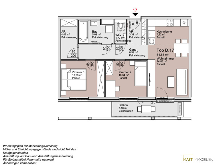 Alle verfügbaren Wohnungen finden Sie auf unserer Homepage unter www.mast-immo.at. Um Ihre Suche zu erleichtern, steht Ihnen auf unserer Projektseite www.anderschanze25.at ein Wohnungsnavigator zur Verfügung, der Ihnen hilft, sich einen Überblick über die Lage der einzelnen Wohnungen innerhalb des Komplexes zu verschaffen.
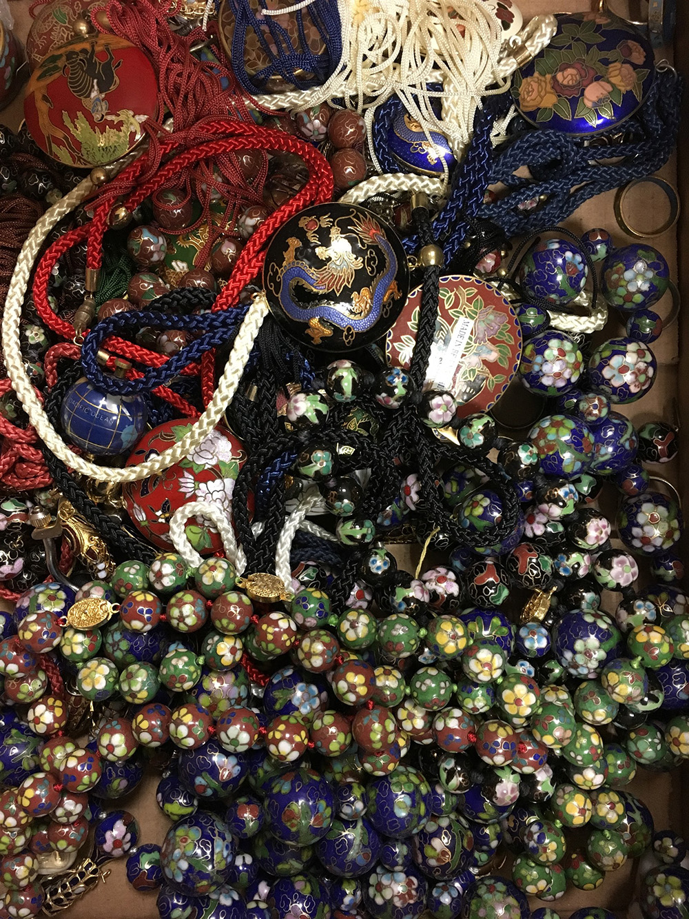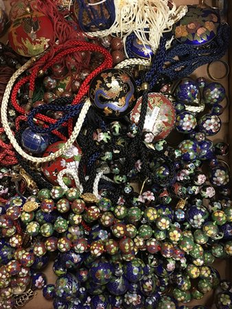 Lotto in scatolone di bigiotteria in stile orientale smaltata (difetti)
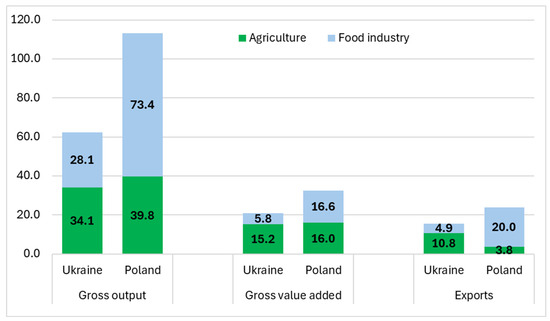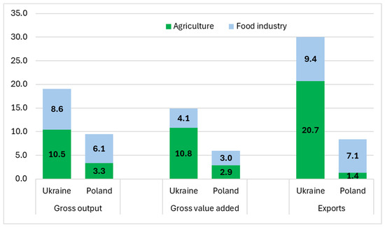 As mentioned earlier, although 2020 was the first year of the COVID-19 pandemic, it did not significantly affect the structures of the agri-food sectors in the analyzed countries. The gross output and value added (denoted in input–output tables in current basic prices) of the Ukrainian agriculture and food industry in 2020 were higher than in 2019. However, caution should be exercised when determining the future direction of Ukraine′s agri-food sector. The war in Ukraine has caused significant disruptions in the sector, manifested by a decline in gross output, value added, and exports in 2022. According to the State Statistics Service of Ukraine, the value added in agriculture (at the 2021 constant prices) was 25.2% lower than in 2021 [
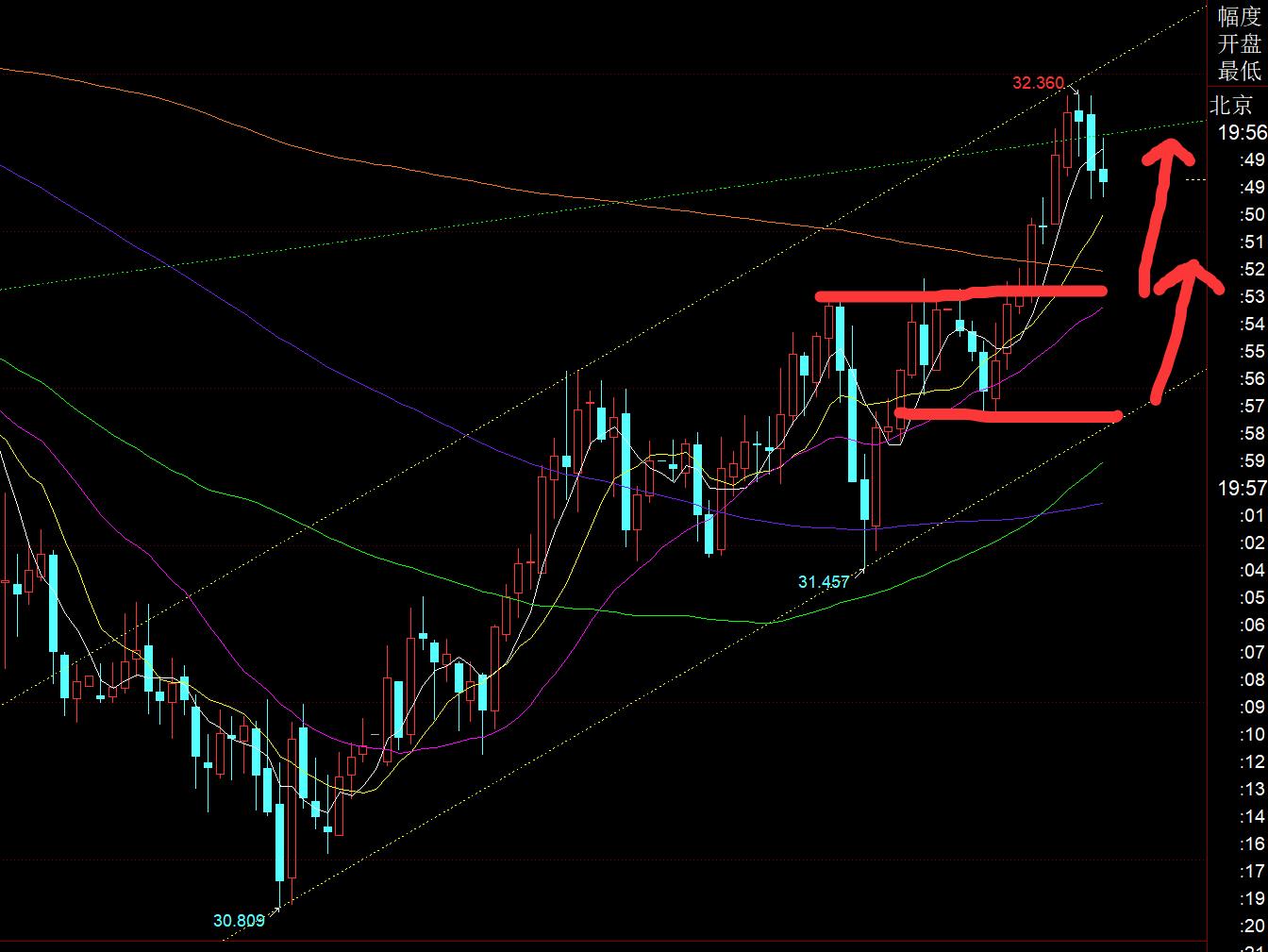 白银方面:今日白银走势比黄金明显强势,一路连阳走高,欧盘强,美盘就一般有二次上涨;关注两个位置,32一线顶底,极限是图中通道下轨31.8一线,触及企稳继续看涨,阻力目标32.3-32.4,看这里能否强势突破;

★ ★ ★ ★ ★ ★ ★

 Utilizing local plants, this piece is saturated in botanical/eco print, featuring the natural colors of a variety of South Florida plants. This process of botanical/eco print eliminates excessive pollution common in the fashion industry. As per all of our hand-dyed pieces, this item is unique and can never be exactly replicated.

★ ★ ★ ★ ★ ★ ★

Print exactly, with no pictures, the lines above from the one that holds "Alle verfügbaren Wohnungen" through the one that holds "白银方面:今日白银走势比黄金", both of them included.

 Alle verfügbaren Wohnungen finden Sie auf unserer Homepage unter www.mast-immo.at. Um Ihre Suche zu erleichtern, steht Ihnen auf unserer Projektseite www.anderschanze25.at ein Wohnungsnavigator zur Verfügung, der Ihnen hilft, sich einen Überblick über die Lage der einzelnen Wohnungen innerhalb des Komplexes zu verschaffen.
 Lotto in scatolone di bigiotteria in stile orientale smaltata (difetti)
 As mentioned earlier, although 2020 was the first year of the COVID-19 pandemic, it did not significantly affect the structures of the agri-food sectors in the analyzed countries. The gross output and value added (denoted in input–output tables in current basic prices) of the Ukrainian agriculture and food industry in 2020 were higher than in 2019. However, caution should be exercised when determining the future direction of Ukraine′s agri-food sector. The war in Ukraine has caused significant disruptions in the sector, manifested by a decline in gross output, value added, and exports in 2022. According to the State Statistics Service of Ukraine, the value added in agriculture (at the 2021 constant prices) was 25.2% lower than in 2021 [
 白银方面:今日白银走势比黄金明显强势,一路连阳走高,欧盘强,美盘就一般有二次上涨;关注两个位置,32一线顶底,极限是图中通道下轨31.8一线,触及企稳继续看涨,阻力目标32.3-32.4,看这里能否强势突破;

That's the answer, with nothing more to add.